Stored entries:
___

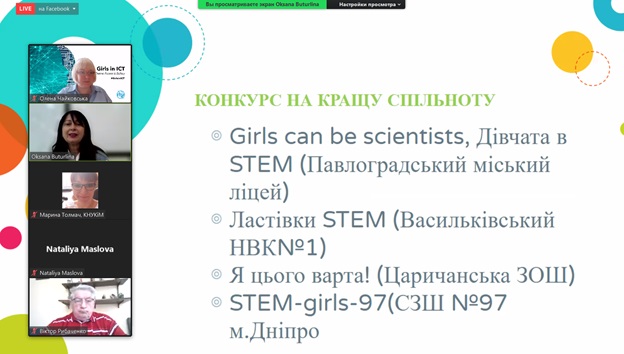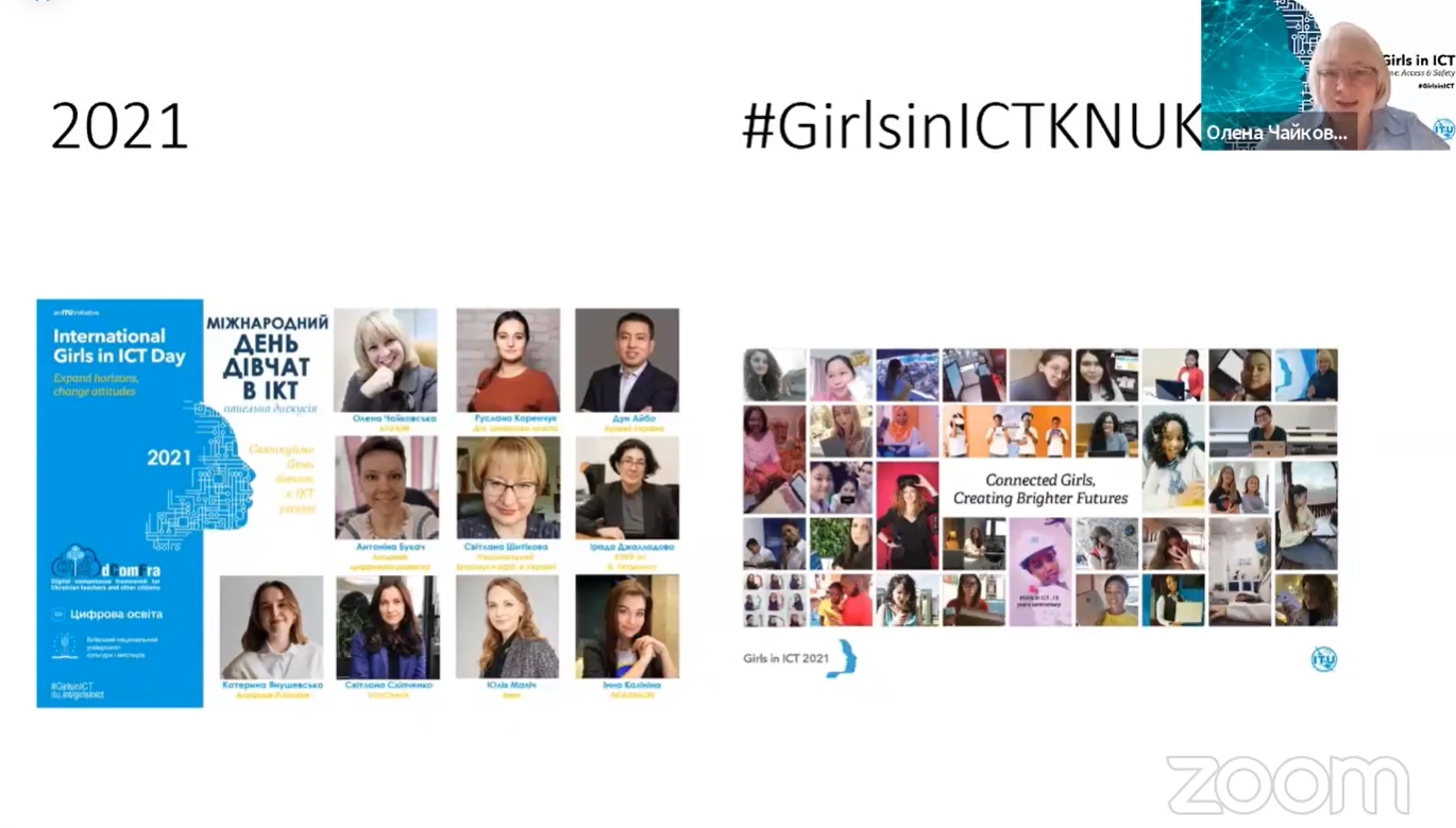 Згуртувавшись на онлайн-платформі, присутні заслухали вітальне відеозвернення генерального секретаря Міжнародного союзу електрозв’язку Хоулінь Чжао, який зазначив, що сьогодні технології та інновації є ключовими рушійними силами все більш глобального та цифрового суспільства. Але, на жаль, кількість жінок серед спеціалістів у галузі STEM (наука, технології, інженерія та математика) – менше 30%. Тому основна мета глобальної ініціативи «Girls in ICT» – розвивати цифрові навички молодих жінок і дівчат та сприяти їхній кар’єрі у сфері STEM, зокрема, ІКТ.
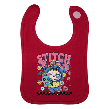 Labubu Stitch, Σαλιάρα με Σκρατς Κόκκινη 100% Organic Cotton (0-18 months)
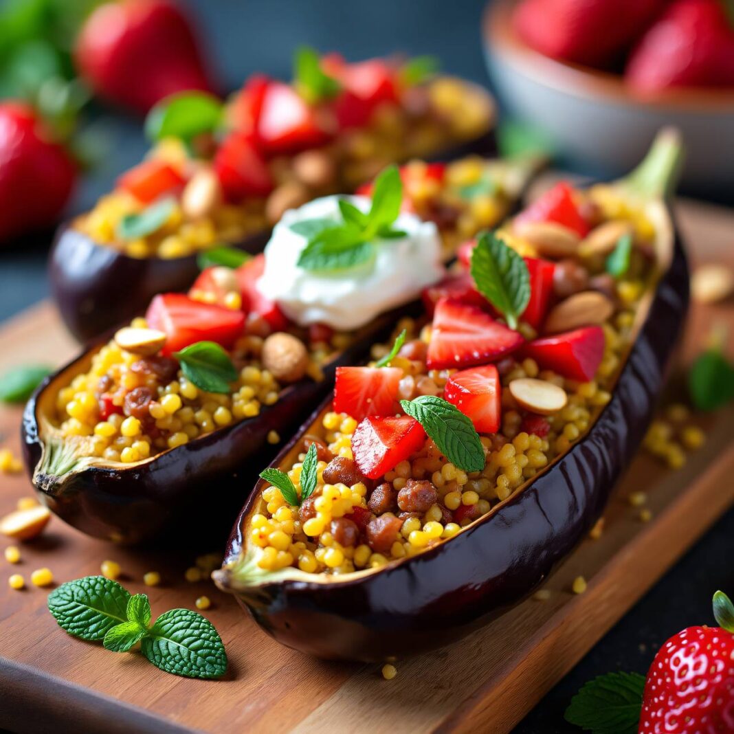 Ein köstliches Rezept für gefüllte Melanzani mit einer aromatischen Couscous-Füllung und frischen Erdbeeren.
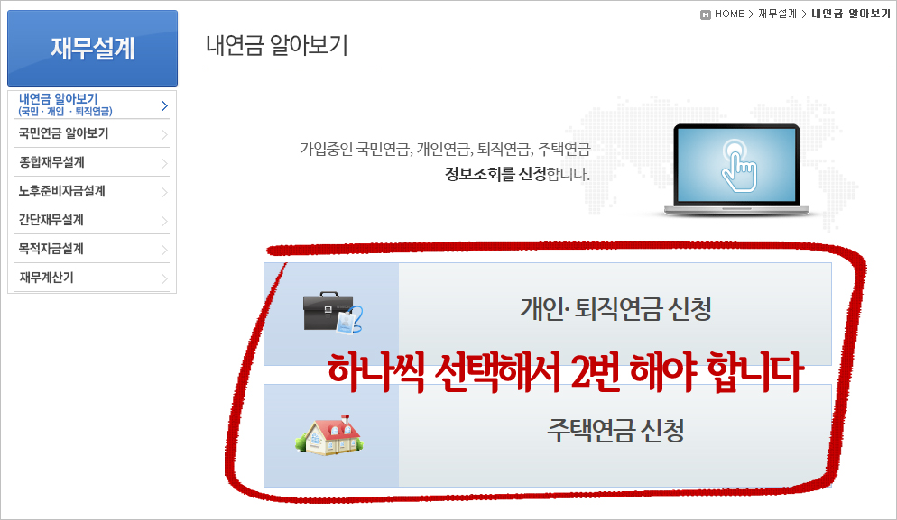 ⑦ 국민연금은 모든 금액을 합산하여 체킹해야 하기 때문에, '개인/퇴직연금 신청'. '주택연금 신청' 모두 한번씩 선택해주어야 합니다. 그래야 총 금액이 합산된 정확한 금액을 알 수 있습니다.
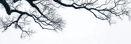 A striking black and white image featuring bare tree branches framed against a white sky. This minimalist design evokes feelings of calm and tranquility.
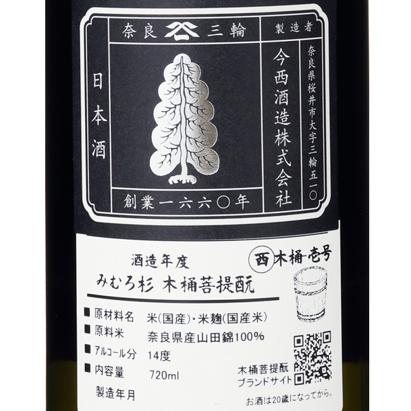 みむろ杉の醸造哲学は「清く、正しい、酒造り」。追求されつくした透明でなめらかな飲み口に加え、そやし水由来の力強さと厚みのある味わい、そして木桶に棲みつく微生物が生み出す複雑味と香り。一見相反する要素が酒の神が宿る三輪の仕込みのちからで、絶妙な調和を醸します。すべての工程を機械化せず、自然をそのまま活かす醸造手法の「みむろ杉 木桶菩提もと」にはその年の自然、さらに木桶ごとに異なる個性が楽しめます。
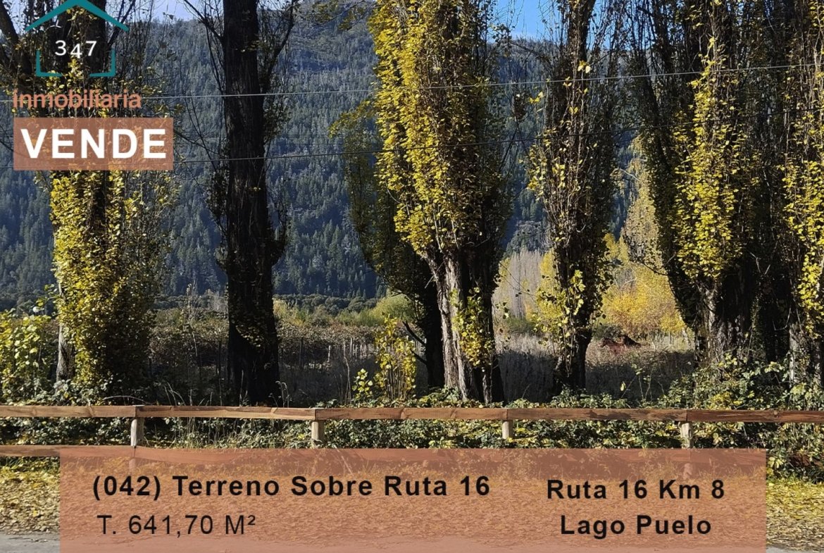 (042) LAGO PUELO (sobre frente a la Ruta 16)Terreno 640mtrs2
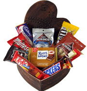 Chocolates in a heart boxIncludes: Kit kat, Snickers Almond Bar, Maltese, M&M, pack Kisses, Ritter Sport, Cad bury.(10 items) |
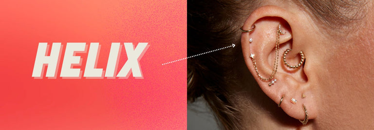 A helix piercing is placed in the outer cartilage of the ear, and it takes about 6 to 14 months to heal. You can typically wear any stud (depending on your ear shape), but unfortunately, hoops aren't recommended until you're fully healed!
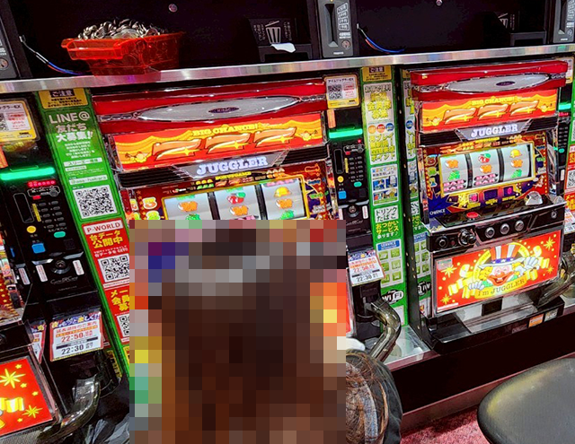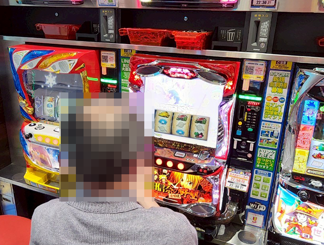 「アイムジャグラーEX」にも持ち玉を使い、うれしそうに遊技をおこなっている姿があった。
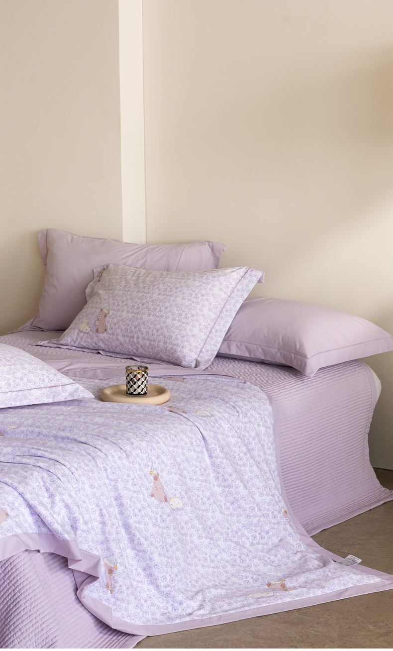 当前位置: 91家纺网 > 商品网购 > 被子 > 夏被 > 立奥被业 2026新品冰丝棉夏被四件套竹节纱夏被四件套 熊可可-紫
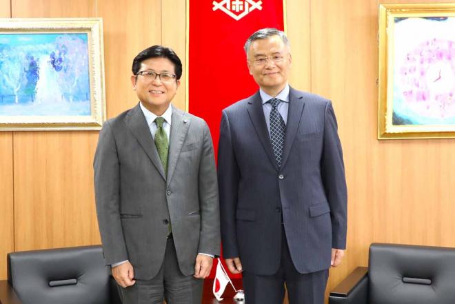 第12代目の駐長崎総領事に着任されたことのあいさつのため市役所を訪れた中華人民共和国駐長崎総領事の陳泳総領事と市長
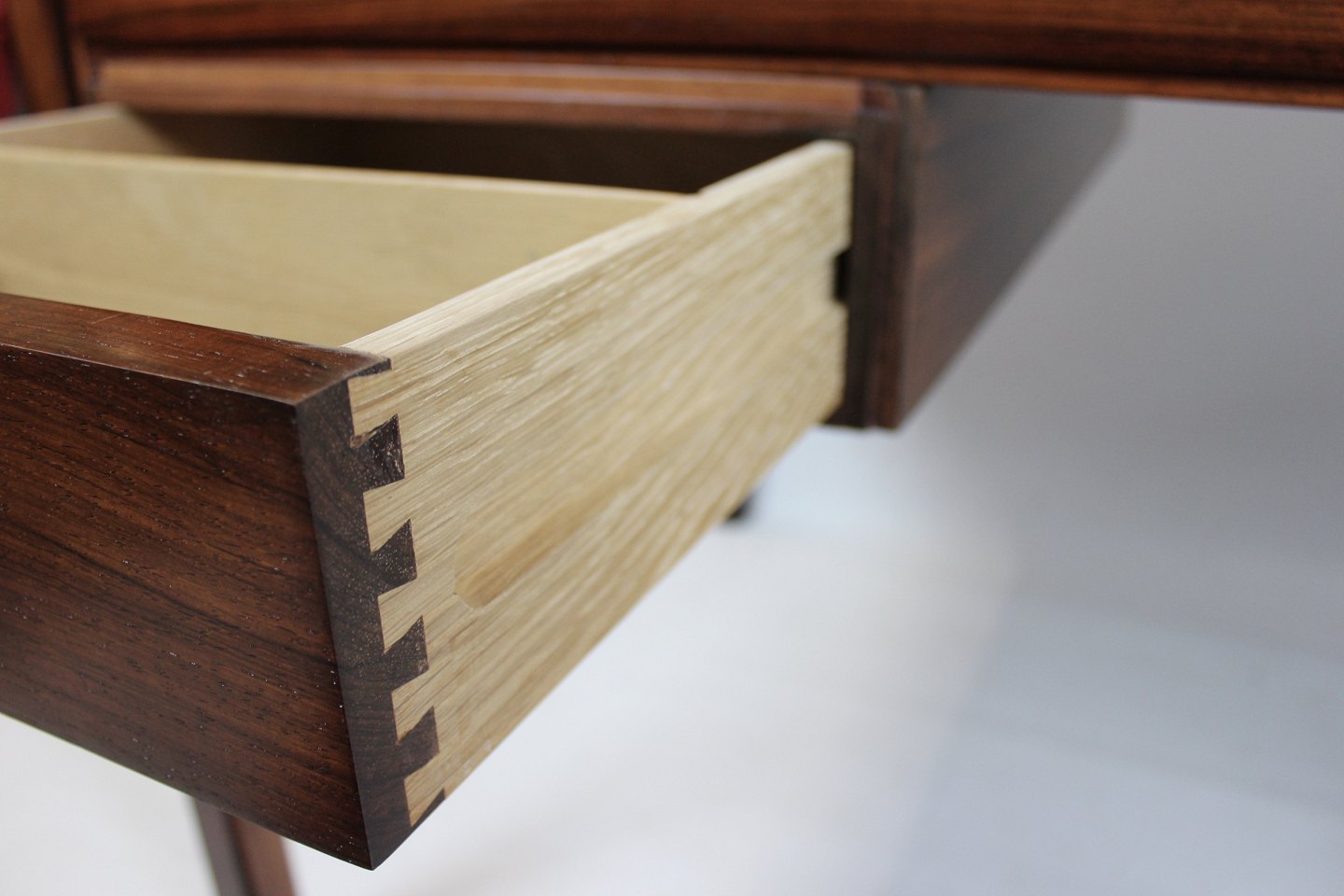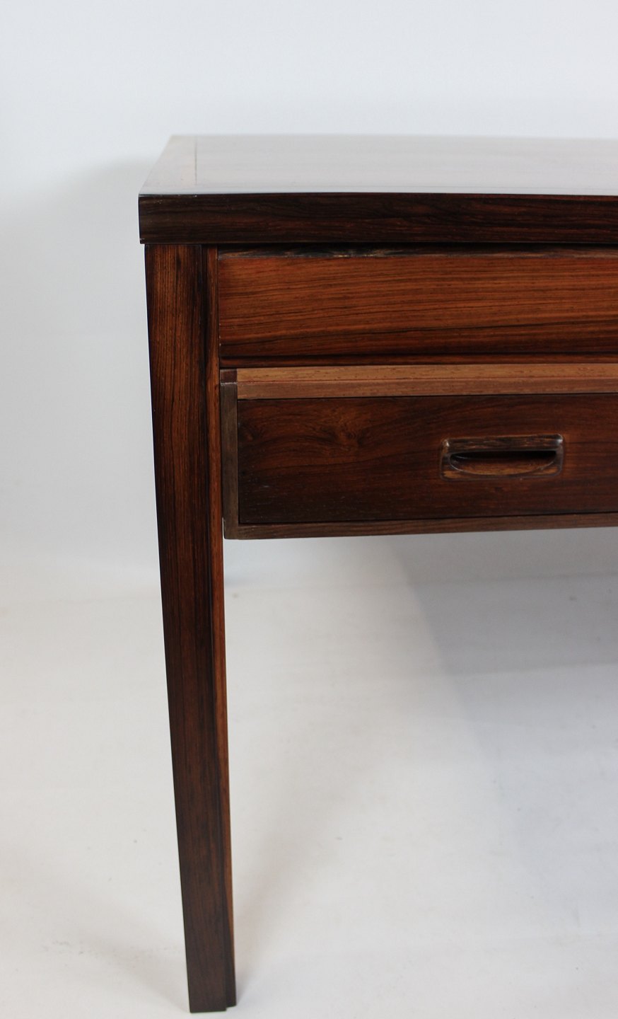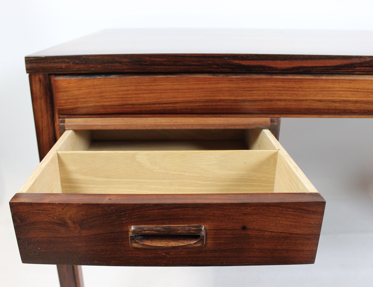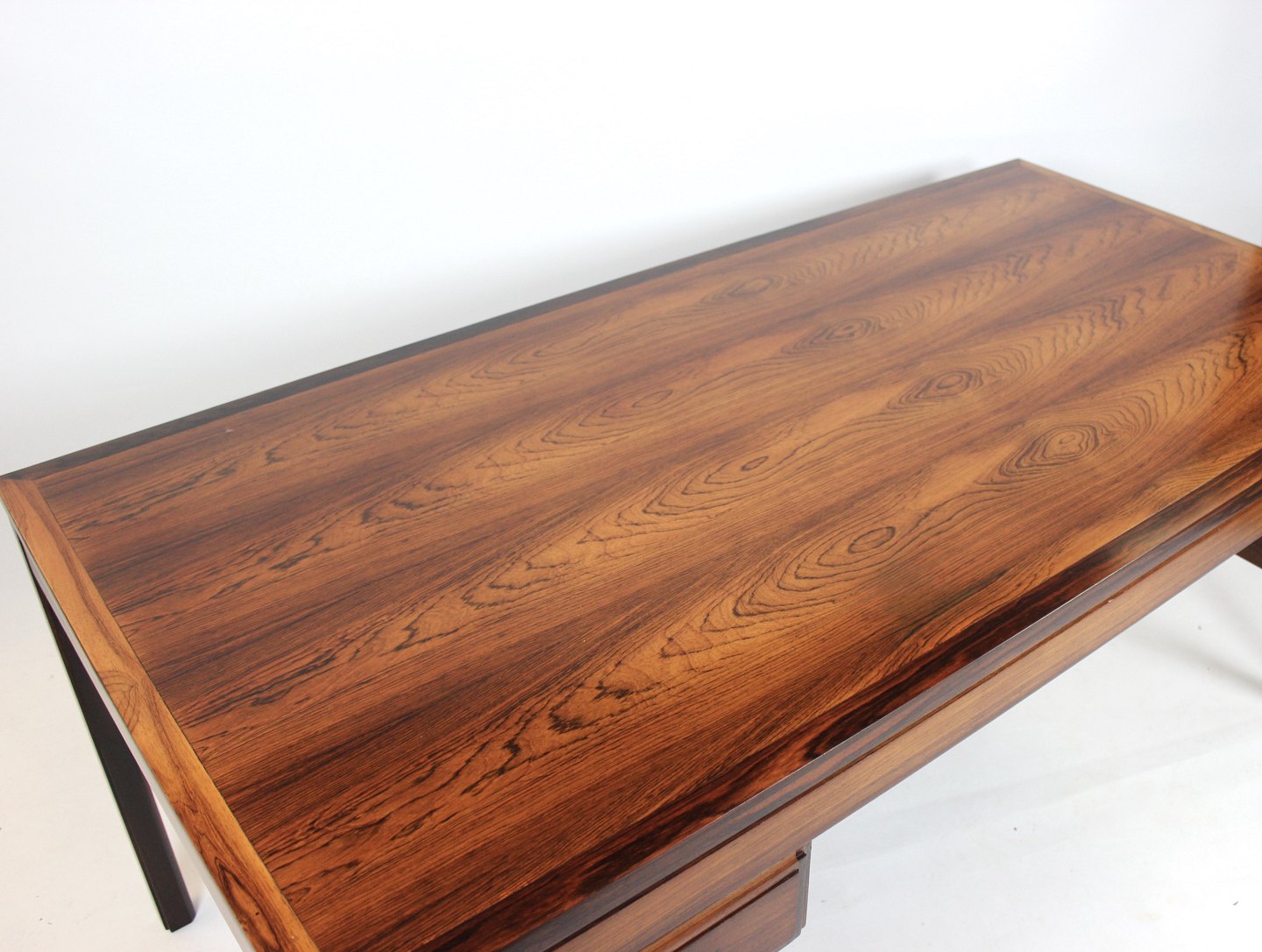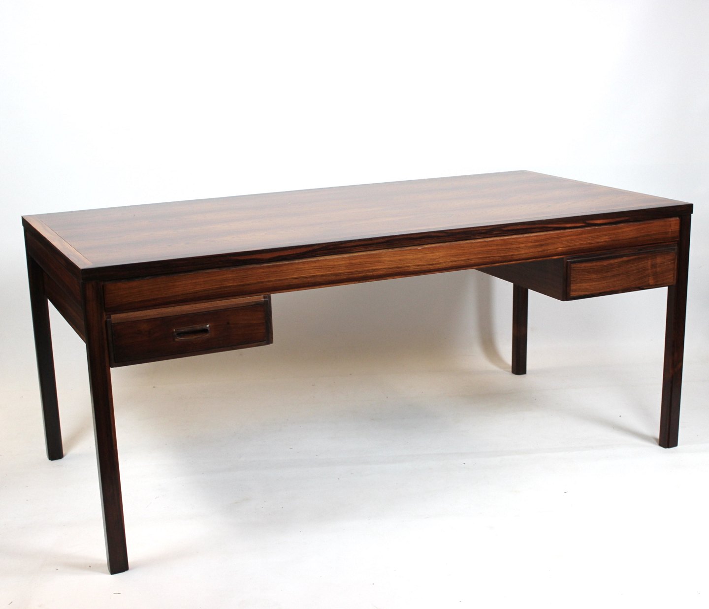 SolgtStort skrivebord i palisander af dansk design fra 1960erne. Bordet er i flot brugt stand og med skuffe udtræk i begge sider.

___

■ EXERCISE AIM ■
Transcribe every line of the records exactly. Pictures do not belong in the copy.

■ COMPLETED EXERCISE ■
 Згуртувавшись на онлайн-платформі, присутні заслухали вітальне відеозвернення генерального секретаря Міжнародного союзу електрозв’язку Хоулінь Чжао, який зазначив, що сьогодні технології та інновації є ключовими рушійними силами все більш глобального та цифрового суспільства. Але, на жаль, кількість жінок серед спеціалістів у галузі STEM (наука, технології, інженерія та математика) – менше 30%. Тому основна мета глобальної ініціативи «Girls in ICT» – розвивати цифрові навички молодих жінок і дівчат та сприяти їхній кар’єрі у сфері STEM, зокрема, ІКТ.
 Labubu Stitch, Σαλιάρα με Σκρατς Κόκκινη 100% Organic Cotton (0-18 months)
 Ein köstliches Rezept für gefüllte Melanzani mit einer aromatischen Couscous-Füllung und frischen Erdbeeren.
 ⑦ 국민연금은 모든 금액을 합산하여 체킹해야 하기 때문에, '개인/퇴직연금 신청'. '주택연금 신청' 모두 한번씩 선택해주어야 합니다. 그래야 총 금액이 합산된 정확한 금액을 알 수 있습니다.
 A striking black and white image featuring bare tree branches framed against a white sky. This minimalist design evokes feelings of calm and tranquility.
 みむろ杉の醸造哲学は「清く、正しい、酒造り」。追求されつくした透明でなめらかな飲み口に加え、そやし水由来の力強さと厚みのある味わい、そして木桶に棲みつく微生物が生み出す複雑味と香り。一見相反する要素が酒の神が宿る三輪の仕込みのちからで、絶妙な調和を醸します。すべての工程を機械化せず、自然をそのまま活かす醸造手法の「みむろ杉 木桶菩提もと」にはその年の自然、さらに木桶ごとに異なる個性が楽しめます。
 (042) LAGO PUELO (sobre frente a la Ruta 16)Terreno 640mtrs2
 Chocolates in a heart boxIncludes: Kit kat, Snickers Almond Bar, Maltese, M&M, pack Kisses, Ritter Sport, Cad bury.(10 items) |
 A helix piercing is placed in the outer cartilage of the ear, and it takes about 6 to 14 months to heal. You can typically wear any stud (depending on your ear shape), but unfortunately, hoops aren't recommended until you're fully healed!
 「アイムジャグラーEX」にも持ち玉を使い、うれしそうに遊技をおこなっている姿があった。
 当前位置: 91家纺网 > 商品网购 > 被子 > 夏被 > 立奥被业 2026新品冰丝棉夏被四件套竹节纱夏被四件套 熊可可-紫
 第12代目の駐長崎総領事に着任されたことのあいさつのため市役所を訪れた中華人民共和国駐長崎総領事の陳泳総領事と市長
 SolgtStort skrivebord i palisander af dansk design fra 1960erne. Bordet er i flot brugt stand og med skuffe udtræk i begge sider.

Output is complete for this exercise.